_EXERCISE_
Exactly as they appear below, repeat the lines from the one with "Si quieres tradear" through the one with "Ванна из искусственного", and no others.

_RECORD EXCERPTS_
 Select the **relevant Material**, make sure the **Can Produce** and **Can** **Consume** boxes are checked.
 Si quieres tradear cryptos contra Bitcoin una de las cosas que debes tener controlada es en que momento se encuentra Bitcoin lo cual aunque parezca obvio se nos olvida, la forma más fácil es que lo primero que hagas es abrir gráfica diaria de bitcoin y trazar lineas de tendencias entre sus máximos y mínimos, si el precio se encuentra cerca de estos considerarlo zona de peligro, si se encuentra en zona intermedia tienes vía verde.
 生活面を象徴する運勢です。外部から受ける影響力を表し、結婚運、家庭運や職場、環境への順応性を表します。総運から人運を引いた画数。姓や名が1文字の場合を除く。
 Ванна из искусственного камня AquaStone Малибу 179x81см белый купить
---
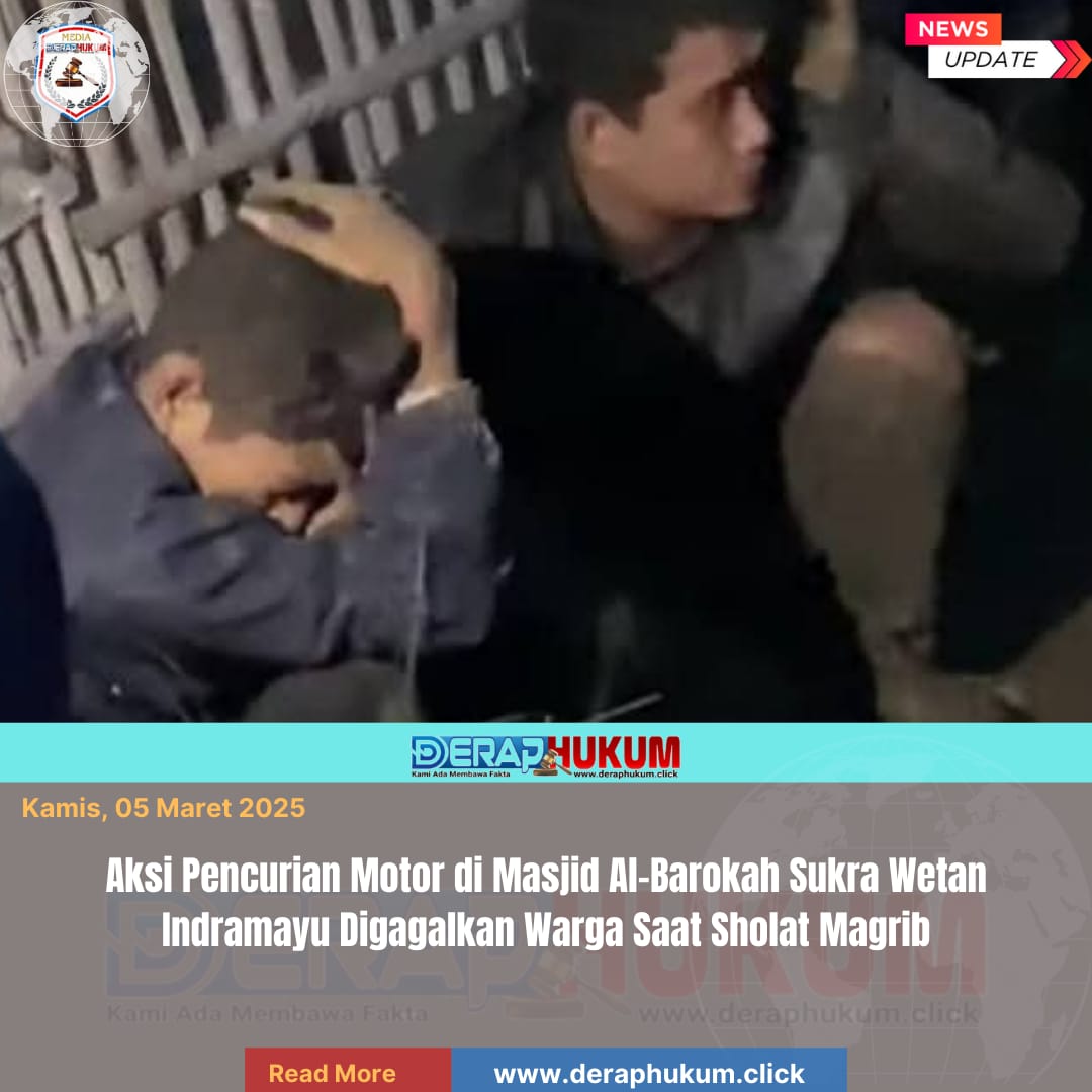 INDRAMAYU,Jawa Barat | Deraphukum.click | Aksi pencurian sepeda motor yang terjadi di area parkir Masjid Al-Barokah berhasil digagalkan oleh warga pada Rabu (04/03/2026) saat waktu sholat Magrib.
...
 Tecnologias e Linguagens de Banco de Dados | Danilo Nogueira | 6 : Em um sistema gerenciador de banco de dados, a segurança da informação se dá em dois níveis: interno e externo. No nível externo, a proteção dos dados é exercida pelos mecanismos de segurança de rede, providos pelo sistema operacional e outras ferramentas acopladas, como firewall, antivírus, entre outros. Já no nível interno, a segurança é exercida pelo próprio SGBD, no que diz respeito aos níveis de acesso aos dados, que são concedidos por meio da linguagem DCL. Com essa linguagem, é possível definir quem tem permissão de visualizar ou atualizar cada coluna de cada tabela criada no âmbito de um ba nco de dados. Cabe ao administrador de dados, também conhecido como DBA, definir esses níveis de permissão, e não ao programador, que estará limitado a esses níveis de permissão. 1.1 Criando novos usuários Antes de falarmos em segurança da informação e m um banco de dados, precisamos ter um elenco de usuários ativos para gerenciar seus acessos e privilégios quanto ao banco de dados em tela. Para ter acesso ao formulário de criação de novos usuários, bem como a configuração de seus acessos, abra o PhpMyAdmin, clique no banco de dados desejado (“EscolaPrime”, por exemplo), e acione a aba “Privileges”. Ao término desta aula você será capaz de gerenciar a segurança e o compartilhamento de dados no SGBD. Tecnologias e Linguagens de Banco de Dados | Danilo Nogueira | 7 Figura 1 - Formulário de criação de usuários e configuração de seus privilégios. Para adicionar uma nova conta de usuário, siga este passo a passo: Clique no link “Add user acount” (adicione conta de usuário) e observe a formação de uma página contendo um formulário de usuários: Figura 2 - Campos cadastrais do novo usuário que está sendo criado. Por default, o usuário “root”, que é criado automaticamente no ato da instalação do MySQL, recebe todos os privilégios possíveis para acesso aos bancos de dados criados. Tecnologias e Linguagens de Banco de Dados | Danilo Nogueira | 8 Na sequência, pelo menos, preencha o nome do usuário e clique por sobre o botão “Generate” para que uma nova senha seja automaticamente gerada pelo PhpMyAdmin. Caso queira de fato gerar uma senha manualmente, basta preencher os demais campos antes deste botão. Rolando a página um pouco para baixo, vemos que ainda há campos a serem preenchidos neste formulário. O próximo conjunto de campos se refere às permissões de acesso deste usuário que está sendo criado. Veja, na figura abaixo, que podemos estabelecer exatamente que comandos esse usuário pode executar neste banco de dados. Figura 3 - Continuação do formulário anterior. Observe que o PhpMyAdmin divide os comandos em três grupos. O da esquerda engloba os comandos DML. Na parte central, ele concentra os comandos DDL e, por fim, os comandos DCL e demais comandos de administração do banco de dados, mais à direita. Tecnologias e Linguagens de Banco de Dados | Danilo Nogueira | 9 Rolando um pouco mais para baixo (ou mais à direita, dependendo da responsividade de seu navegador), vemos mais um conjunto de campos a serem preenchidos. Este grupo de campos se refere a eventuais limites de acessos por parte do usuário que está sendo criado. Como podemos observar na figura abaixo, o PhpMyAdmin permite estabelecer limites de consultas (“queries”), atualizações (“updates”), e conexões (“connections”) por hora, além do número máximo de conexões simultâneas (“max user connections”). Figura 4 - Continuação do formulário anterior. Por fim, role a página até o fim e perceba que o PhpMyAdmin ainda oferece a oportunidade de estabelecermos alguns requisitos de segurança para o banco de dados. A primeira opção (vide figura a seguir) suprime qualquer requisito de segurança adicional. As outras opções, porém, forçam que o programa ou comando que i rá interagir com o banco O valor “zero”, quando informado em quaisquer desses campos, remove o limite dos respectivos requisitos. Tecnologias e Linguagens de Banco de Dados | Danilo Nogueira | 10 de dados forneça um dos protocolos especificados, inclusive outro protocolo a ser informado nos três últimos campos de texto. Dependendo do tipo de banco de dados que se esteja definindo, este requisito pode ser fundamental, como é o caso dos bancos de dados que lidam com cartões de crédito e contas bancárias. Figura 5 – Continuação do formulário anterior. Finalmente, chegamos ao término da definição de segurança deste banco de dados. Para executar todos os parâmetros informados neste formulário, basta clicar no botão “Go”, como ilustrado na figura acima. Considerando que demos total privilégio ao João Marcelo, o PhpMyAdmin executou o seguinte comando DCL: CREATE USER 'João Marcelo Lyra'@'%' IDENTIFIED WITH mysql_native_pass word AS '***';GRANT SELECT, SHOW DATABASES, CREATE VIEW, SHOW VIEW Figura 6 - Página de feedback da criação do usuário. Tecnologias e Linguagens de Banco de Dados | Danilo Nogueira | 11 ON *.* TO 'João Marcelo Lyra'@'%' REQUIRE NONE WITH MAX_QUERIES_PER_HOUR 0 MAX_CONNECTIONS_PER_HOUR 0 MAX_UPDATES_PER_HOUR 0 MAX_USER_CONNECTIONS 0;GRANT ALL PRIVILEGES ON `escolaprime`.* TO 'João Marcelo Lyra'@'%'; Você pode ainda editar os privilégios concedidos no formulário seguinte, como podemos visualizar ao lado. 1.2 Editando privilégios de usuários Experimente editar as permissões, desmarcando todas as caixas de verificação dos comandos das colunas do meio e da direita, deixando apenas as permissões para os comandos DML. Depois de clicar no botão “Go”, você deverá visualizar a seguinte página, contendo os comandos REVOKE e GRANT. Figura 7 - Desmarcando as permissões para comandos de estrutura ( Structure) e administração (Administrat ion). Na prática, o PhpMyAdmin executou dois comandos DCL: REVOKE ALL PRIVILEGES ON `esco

_ANSWER SECTION_
 Si quieres tradear cryptos contra Bitcoin una de las cosas que debes tener controlada es en que momento se encuentra Bitcoin lo cual aunque parezca obvio se nos olvida, la forma más fácil es que lo primero que hagas es abrir gráfica diaria de bitcoin y trazar lineas de tendencias entre sus máximos y mínimos, si el precio se encuentra cerca de estos considerarlo zona de peligro, si se encuentra en zona intermedia tienes vía verde.
 生活面を象徴する運勢です。外部から受ける影響力を表し、結婚運、家庭運や職場、環境への順応性を表します。総運から人運を引いた画数。姓や名が1文字の場合を除く。
 Ванна из искусственного камня AquaStone Малибу 179x81см белый купить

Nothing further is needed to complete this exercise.